(2) Section 264 covers
schemes constituted in another
EEA State that are certified by their
Home State as meeting the requirements of the
UCITS Directive. The
scheme becomes recognised unless, within two
months of receiving written notice of the intention to market into the
United Kingdom, the
FSA notifies the applicant and its
Home State regulator that the manner in which the invitation is to be made (to the public) does not comply with
UK law. Such
schemes cannot be marketed to the public in the
United Kingdom before the two
month period is over. (Information and documents to be supplied with a section 264 notification) provides specific details.
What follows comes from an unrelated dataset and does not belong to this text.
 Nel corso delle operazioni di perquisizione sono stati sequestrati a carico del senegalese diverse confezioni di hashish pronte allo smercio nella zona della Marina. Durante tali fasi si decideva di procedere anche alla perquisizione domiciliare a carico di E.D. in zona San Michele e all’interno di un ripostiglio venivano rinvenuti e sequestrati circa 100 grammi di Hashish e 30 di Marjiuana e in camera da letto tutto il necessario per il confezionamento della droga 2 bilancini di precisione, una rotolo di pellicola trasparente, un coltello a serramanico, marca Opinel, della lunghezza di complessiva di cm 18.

(3) If there is a change in the information supplied to the
FSA in accordance with
COLL 9.2.1 G following initial recognition, the
FSA wishes to be notified of such changes and revised
documents (certified as true copies) should be sent.
(4) Section 270 covers
schemes that are managed in and authorised under the law of a country or territory outside the
United Kingdom that has been designated for this purpose by an order made by the Treasury ("the Designation Order"). These are currently Jersey, Guernsey, the Isle of Man and Bermuda. Notification forms are available, free of charge, at the
FSA website and
COLL 9.3 (Section 270 and 272 recognised schemes) provides further information on the documents to be supplied to the
FSA. The
scheme becomes recognised on the
FSA's written approval or automatically after two
months from notification. It should be noted that the Treasury:
(a) retains responsibility for the designation of countries or territories and must be satisfied that their laws and practices relating to the authorisation and regulation of their
collective investment schemes provide a level of protection at least equivalent to that provided under the
Act;
(b) must be content that adequate arrangements exist for co-operation between regulators in each country or territory and the
FSA; and
(c) may request the
FSA to provide a report on the regimes of regulation in existing or prospective designated territories.
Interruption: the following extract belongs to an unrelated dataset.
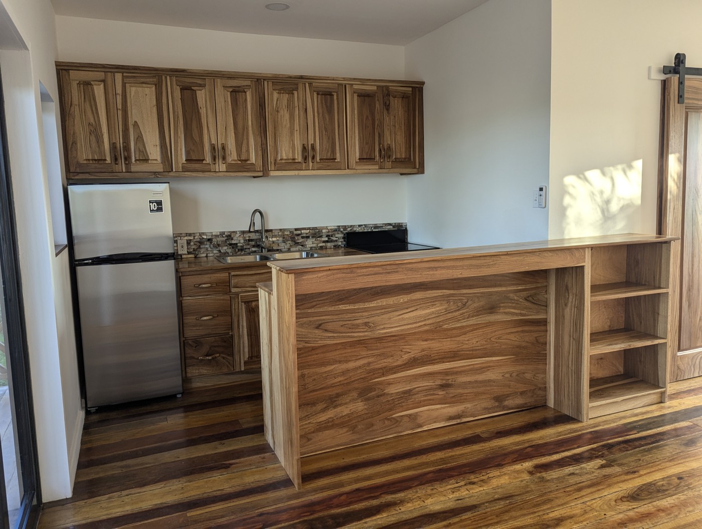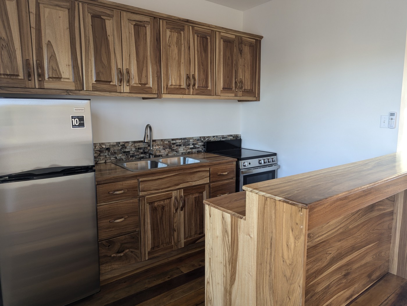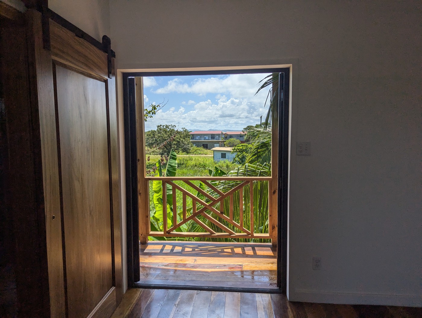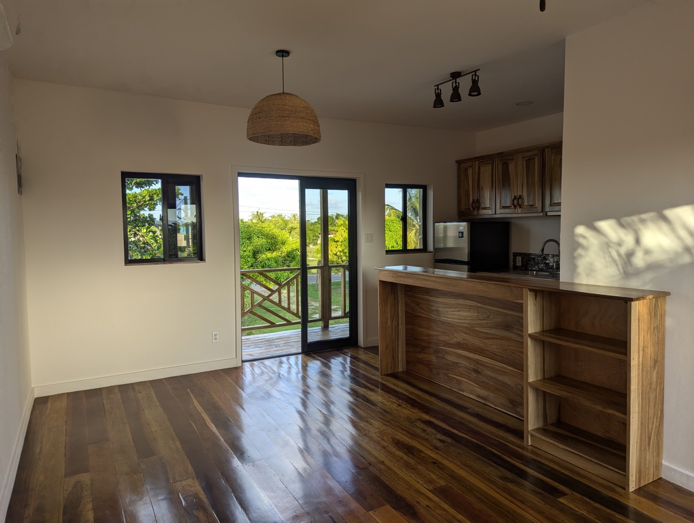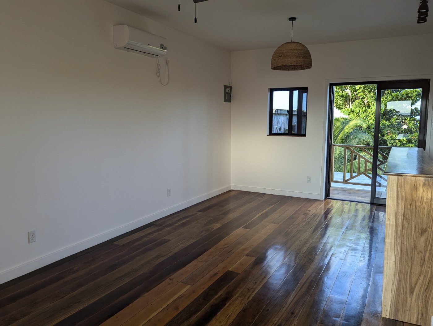 The floors are hand-sanded (meaning not perfect) mixed Belizean hardwoods. The framing is wood construction with 16-inch centers, which complies with North American building standards. There is insulation between the upper and lower units, as well as in the roof space and all the walls which helps keep your unit cooler.

(5) Section 272 covers overseas
schemes that are not recognised by virtue of section 264 or section 270. The
FSA may make an order declaring the
scheme to be recognised if it is satisfied that the scheme will afford adequate protection (i.e. a similar level of protection to that provided under the
Act) for investors and the arrangements for the
scheme's constitution and management and the powers and duties of the
operator and of any
trustee or
depositary are also "adequate". In deciding what is adequate, the
FSA will consider the
rules applicable to
AUTs or
ICVCs). Section 272 applications require detailed and rigorous analysis of all aspects of the
scheme and the level of investor protection provided by the regime under which the
scheme operates. So the
FSA has 6
months in which to determine a complete application. Details of the information and documents required for a section 272 application can be found in
COLL 9.3 (Section 270 and 272 recognised schemes).